None of those apply on Apple Silicon. There is no CUDA, no FlashAttention, and no GPU bitsandbytes / GPTQ / AWQ / FP8 / NVFP4 kernel on macOS — ComfyUI runs on the MPS (Metal) backend, and the model is quantized via the GGUF file, not --load-in-4bit or an FP8 build. If a generic Krea 2 or diffusers tutorial tells you to pip install flash-attn, pick a cu128 wheel index, or load the FP8 safetensors, skip those steps — the MPS + GGUF path above is the complete Apple route.

`bf16`-style precision errors or black/garbled output on MPS

bf16 weights frequently break on the MPS backend. This recipe avoids that by leading the GGUF build (dequantized cleanly by ComfyUI-GGUF) rather than the BF16/FP8 safetensors. Make sure PYTORCH_ENABLE_MPS_FALLBACK=1 is set so unimplemented ops fall back to CPU. If you insist on the raw BF16 build, run ComfyUI in its fp16 mode; the GGUF path is the more reliable one on Apple.

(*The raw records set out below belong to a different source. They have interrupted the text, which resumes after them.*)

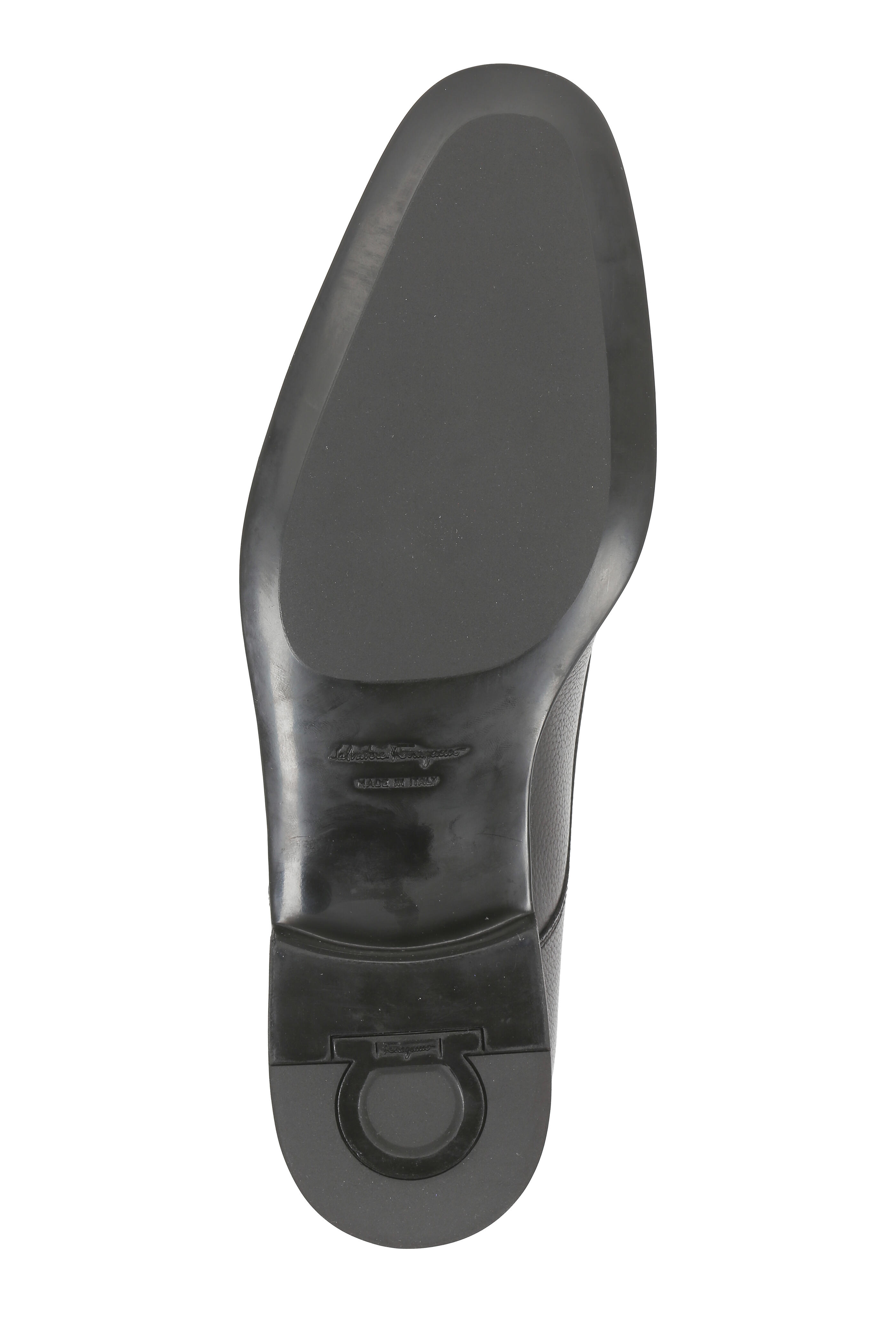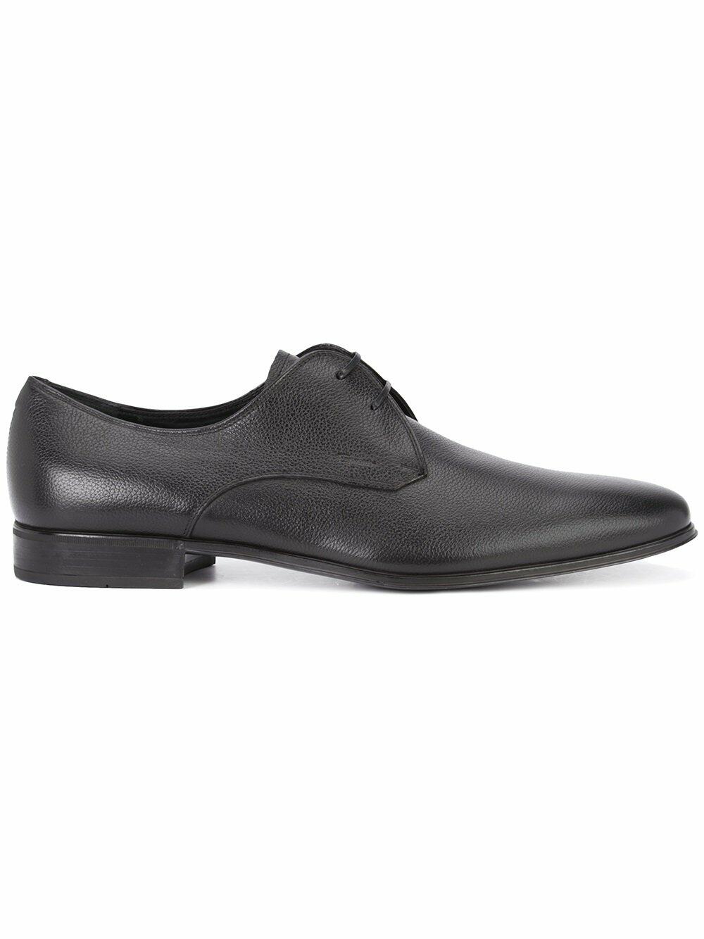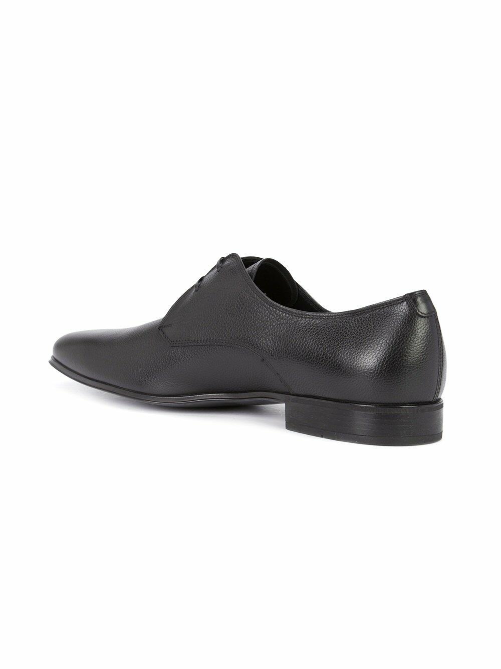 Pebbled calfskin leather. Tapered toe. Two eyelet lace-up closure. Leather lining and insole. Stacked heel. Rubber sole. Made in Italy.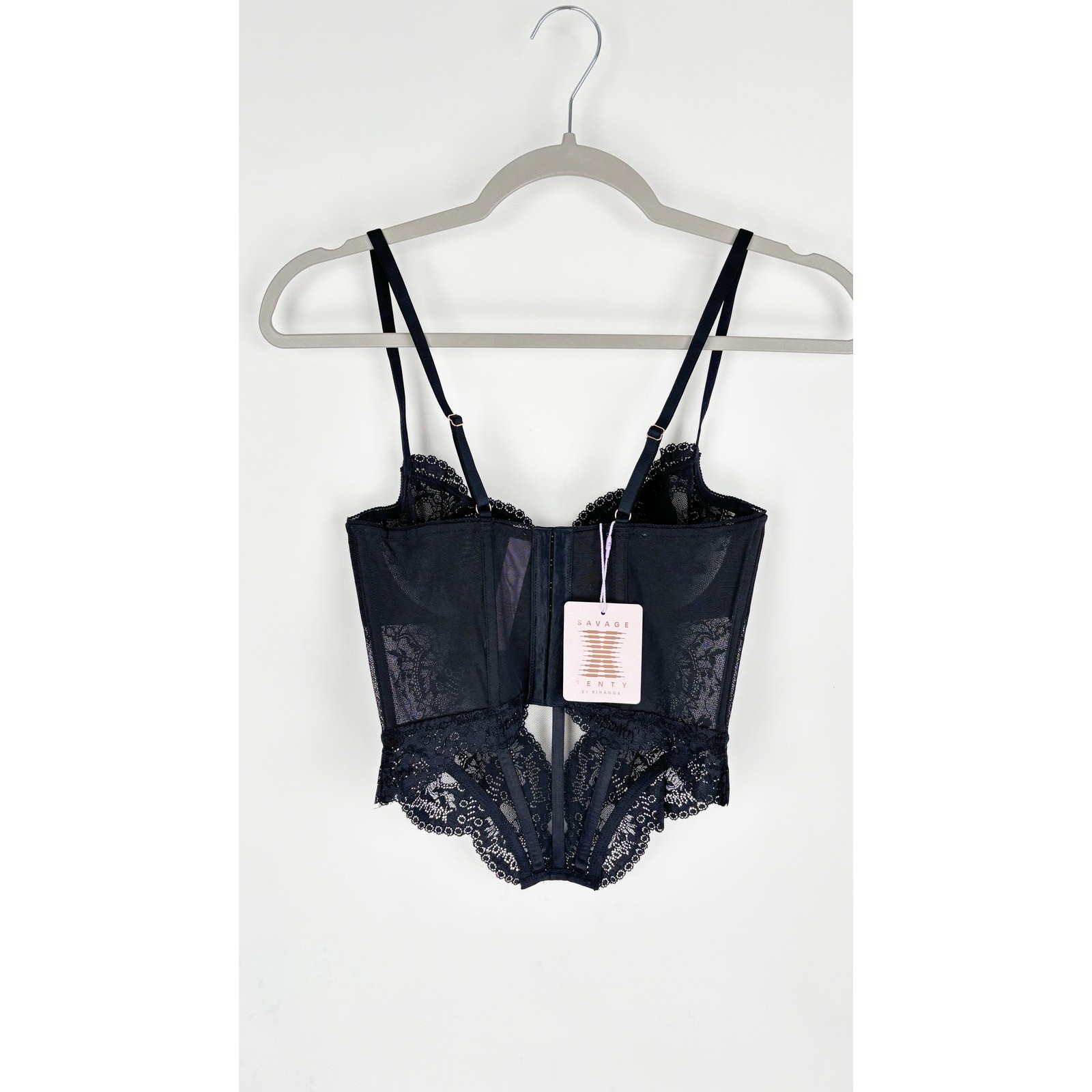 как выглядит Savage X Fenty Haute Lace Bustier Corset Black Caviar Womens Small New Lingerie фото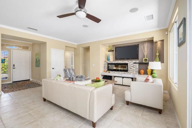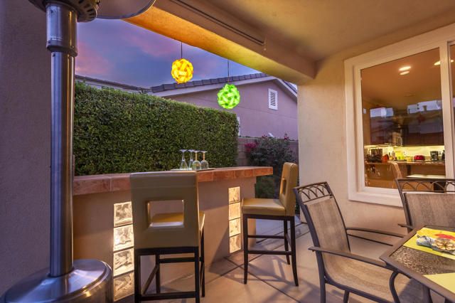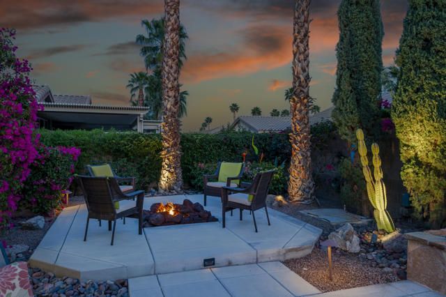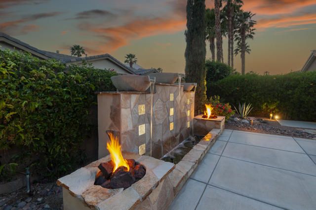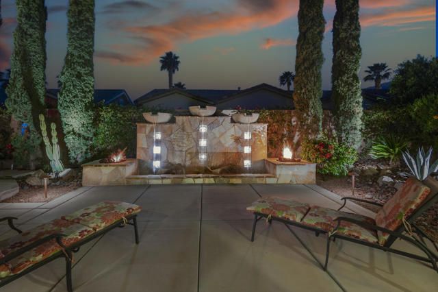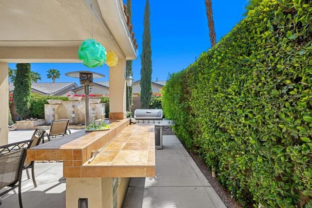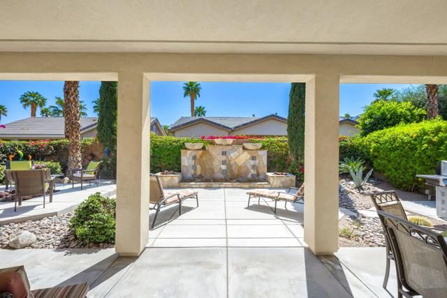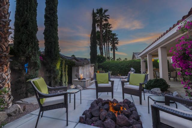 Live Life Beautifully in this bright and cheery Maurea model 1,641 SQ FT home with 3-bedrooms and 3-bathrooms including a detached Casita. Indoor, this delightful home with high ceilings and big picture windows offers exquisite contemporary built-in design elements and decor. Outdoor, the home offers the ultimate in day and night time relaxation and entertainment with peak-a-boo southern mountain views and custom features, including a luxurious cascading waterfall with built-in glass-block lighting and blazing fire bowls on either side, a built-in bar and BBQ area, and raised patio with seating around a lava stone firepit. The home is available Turnkey furnished including the beautifully curated furnishings and interior decor. The kitchen, dining, and great room flow seamlessly making the home feel much larger. The great room has crown molding and a custom crafted media center with linear fireplace, glass tile surround, and built-in big-screen TV. The kitchen meets every cook's needs, with gas cooktop and range, new microwave, dishwasher, beautiful wood cabinets and smooth slab granite on the kitchen counters. The kitchen and dining areas are open to the great room keeping you engaged with family and friends while cooking and entertaining. The primary bedroom suite is spacious and elegant, and the bathroom features dual vanities, a large walk-in shower with travertine stone surround, a linen-closet, and large walk-in closet. The guest bedroom is roomy with a mirrored closet and is located next to a full guest bath. Guests will love the privacy of the roomy detached Casita with closet and full bath. The garage has storage and fits 2-cars and a golf cart.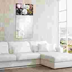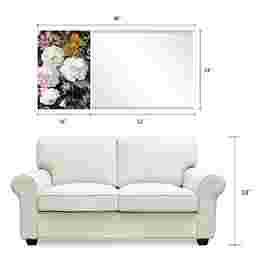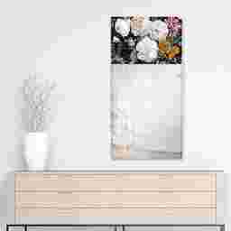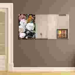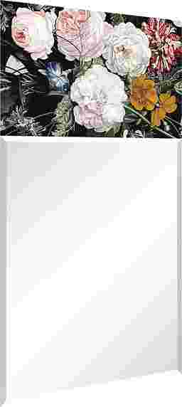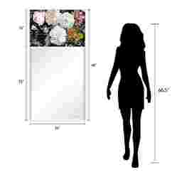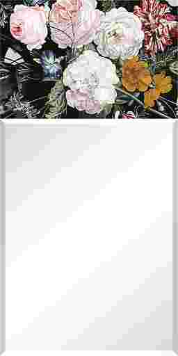 The Tesia mirror is a frame-less, free floating, tempered glassthat was inspired by the French technique of Verre Eglomise in which artist's literally painted the back of clear glass so that when viewed from the front the painting is brought to life under the depth of the glass. This piece of pretty flowers takes that same tempered glass and displays a beveled mirror in front of it. Two strong steel hangers are attached to the back of the mirror for a quick and easy vertical installation.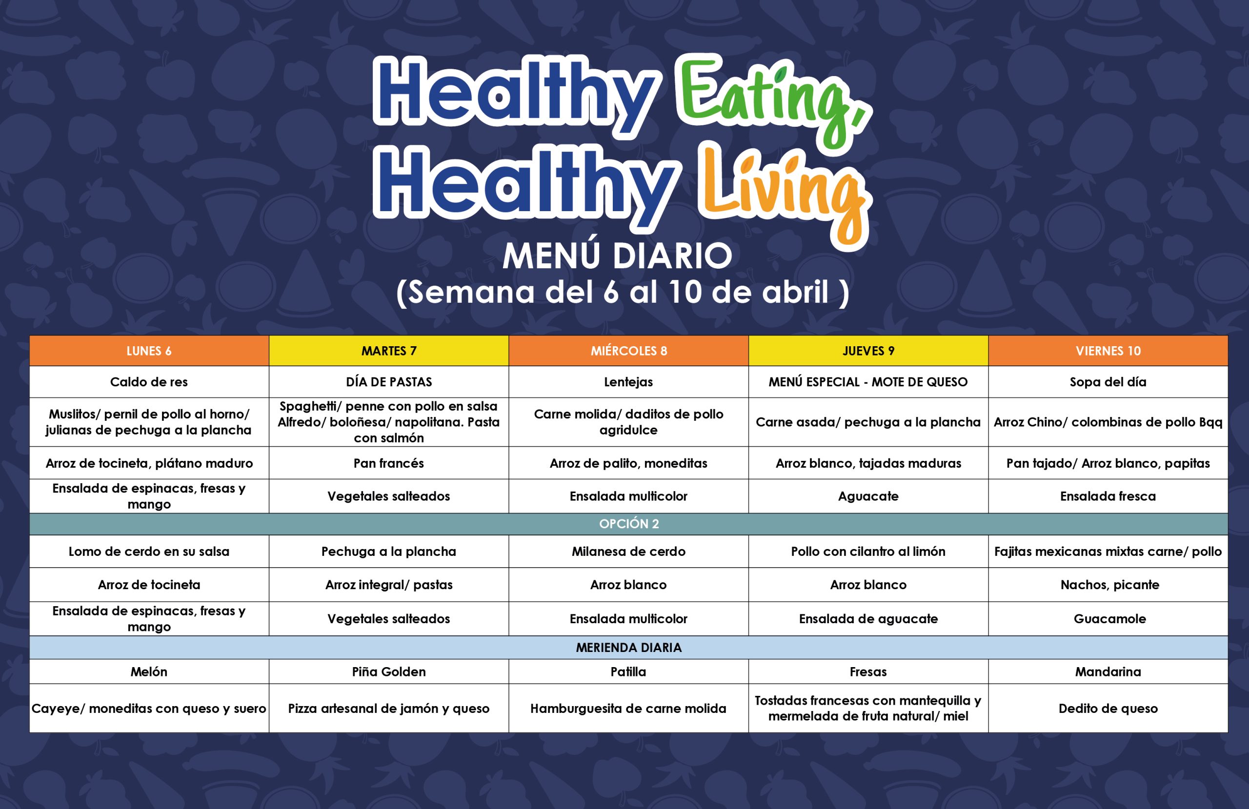 Nuestro menú se actualiza cada viernes con la información de almuerzos (dos opciones) y meriendas que se ofrecerán cada día de la semana a siguiente: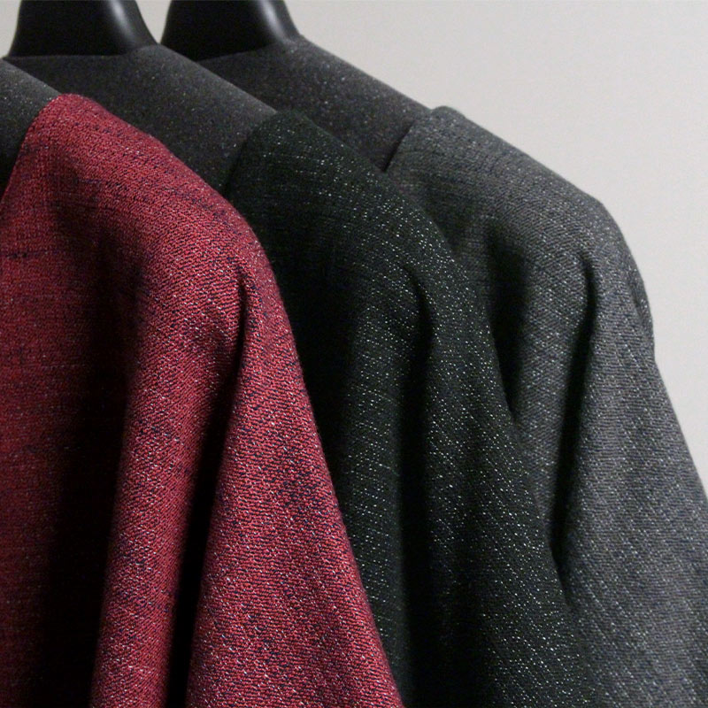 • 和木綿「熱砂」は、熱された砂が様々に色めく様子を、異番手の杢糸で立体的に表現したテキスタイル。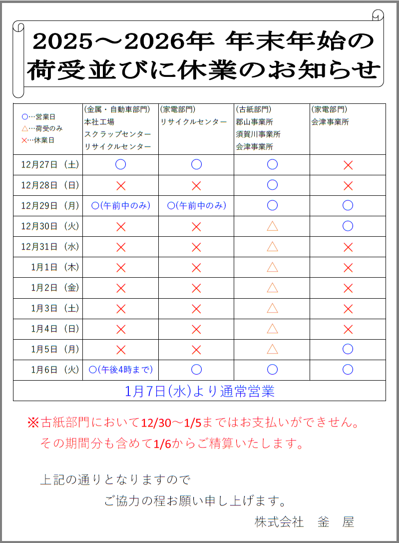 古紙リサイクル部門(郡山、須賀川、会津)は無休で営業しておりますが、お支払いに一部制限がございます。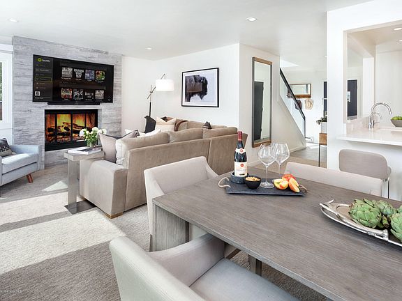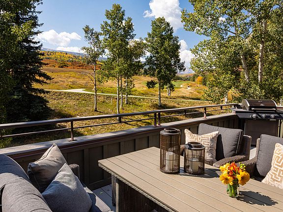 This contemporary Villa checks all the boxes for golf and ski enthusiasts with a prime location on the golf course with views of the slopes. The main level features a sparkling white chef's kitchen with a walk-in pantry and Bosch appliances, a comfortable living room with a wood-burning fireplace, and an adjacent dining area. A large deck off the living area has plenty of space for dining and entertaining. Upstairs, you'll find three gracious bedrooms plus a spacious loft, which doubles as a 4th bedroom and office. The master suite has a fully remodeled bathroom, a spacious, private deck and a walk-in closet. New carpet, beautiful furnishings and a designated carport round out the package. The amenities of the Snowmass Club are just across the street.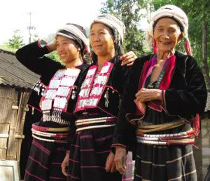 德昂族以藤饰为美,这种习俗从古沿袭至今,集中表现在妇女腰间缠着的几十圈精致的藤篾腰箍。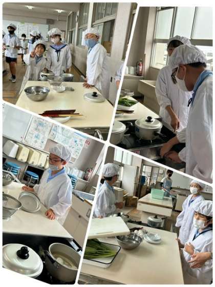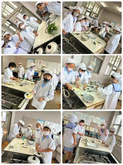 1組と3組が調理実習をしました。ほうれん草のおひたしとゆで卵を作りました。初めての調理実習でしたが、班で協力して準備したり、調理したり、片付けたりしていました。明日は2組が調理実習する予定です。
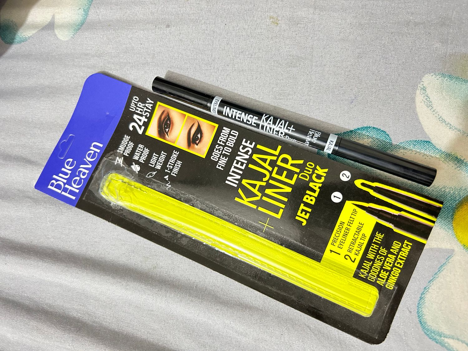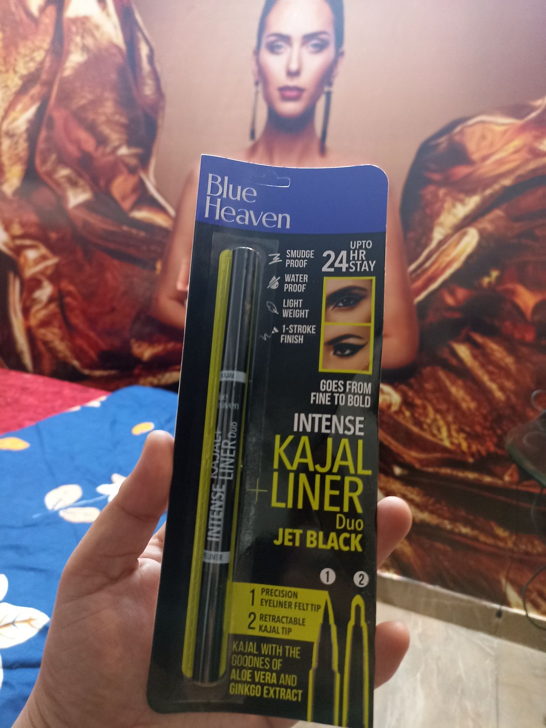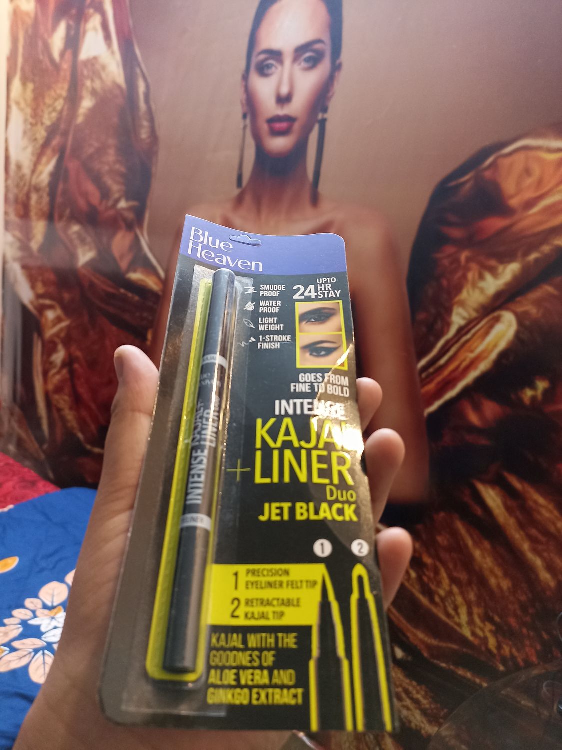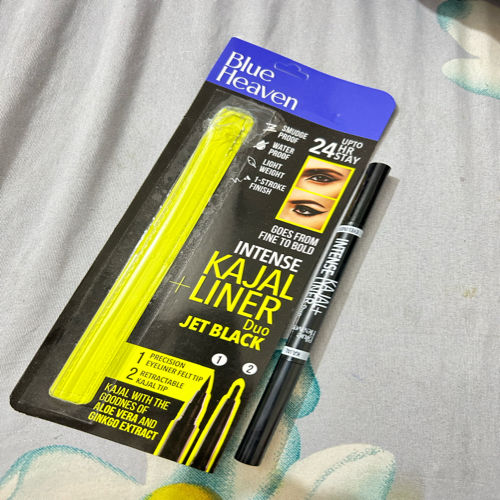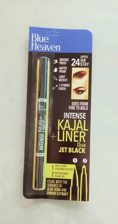 This Blue Heaven Intense Duo Eye Kajal plus Liner is really amazing both at each end of the pen. Kajal is very intense and gives more attention to face face applied. For beautiful eye makeup these both helps very much. Blue heaven product is very good quality product and value for money.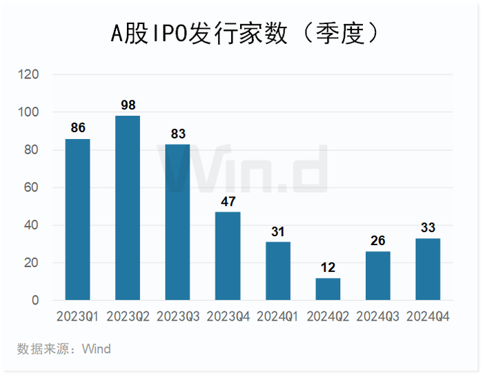 2024年A股市场IPO发行数量为102家,较2023年下降212家。其中四季度共发行33家,较三季度发行家数环比上升26.92%。

"Unet Loader (GGUF) node not found"

Install ComfyUI-GGUF (city96) in custom_nodes/, run pip install --upgrade gguf, and restart ComfyUI.

Generation is slow

The ComfyUI-MPS path is the fallback route on Apple — the most-maintained MLX image tool (mflux) does not support Krea 2 yet, and Draw Things has no confirmed Krea 2 build, so there is no faster Metal-native option for this model today. Expect slower per-image times than a CUDA GPU; drop to a lighter GGUF tier or lower the resolution/steps for faster iteration. If macOS reports memory pressure on a heavy Raw run, raise the GPU wired limit with sudo sysctl iogpu.wired_limit_mb=<MB> (Sonoma 14 / Sequoia 15+; older macOS uses debug.iogpu.wired_limit in bytes), leaving 8–16 GB headroom for the OS — temporary, resets on reboot.